The wealth of the parish was vested in the parish flock which were parcelled out, in ones and twos, to run with the flocks of parishioners. It was bad when one of these sheep pegged out, but not a total loss if the fleece could be recovered from the corpse. The parish bumbled along: raising funds by throwing "ales" = parties and then employing craftsmen to re-lead the church roof; make new vestments and altar-cloths; contribute to the repair of bridges.

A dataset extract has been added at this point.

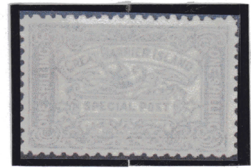
Nouveau timbre de mars 1899 Great Barrier Island – Special Post

But the finances were increasingly pinched [both senses] by the demands of central government to a) finance foreign wars b) cement (or undo) the trappings of a reformed church. The Protestants had a thing against altars and required their de-blinging and even dismantling; and the parish then had to provide a table from which to serve communion. Each parish was also required to buy an official Book of Common Prayer [whc prev], English language bible and the Paraphrases on the New Testament by Erasmus. You may be sure that someone made a fortune from the supply of these expensive articles but nobody from Morebath. When Catholicism was restored under Queen Mary, it was tables away, rebuild the stone altar, and refurnish it with chalice, pyx, paten and thurible . . . and Carry on Catholic.
Then there were the ornery taxes of secular life: like the 1549 Relief of Sheep [3d per ewe in fields, 1d for those on the moorland commons] followed by the Relief of Cloth [8d per lb on finished woollen cloth]. The image this conjures is of a Highwayman holding up people at pistol-point "I shall relieve you of that purse of ducats, my good Sir, and cast thereto the lady's ear-rings".
Those years in the mid-1500s thus midwifed, not only the Church of England, but also the modern centralized state - taking goods or money from citizens while giving them only indirect control of how the money was spent. All very modern, so.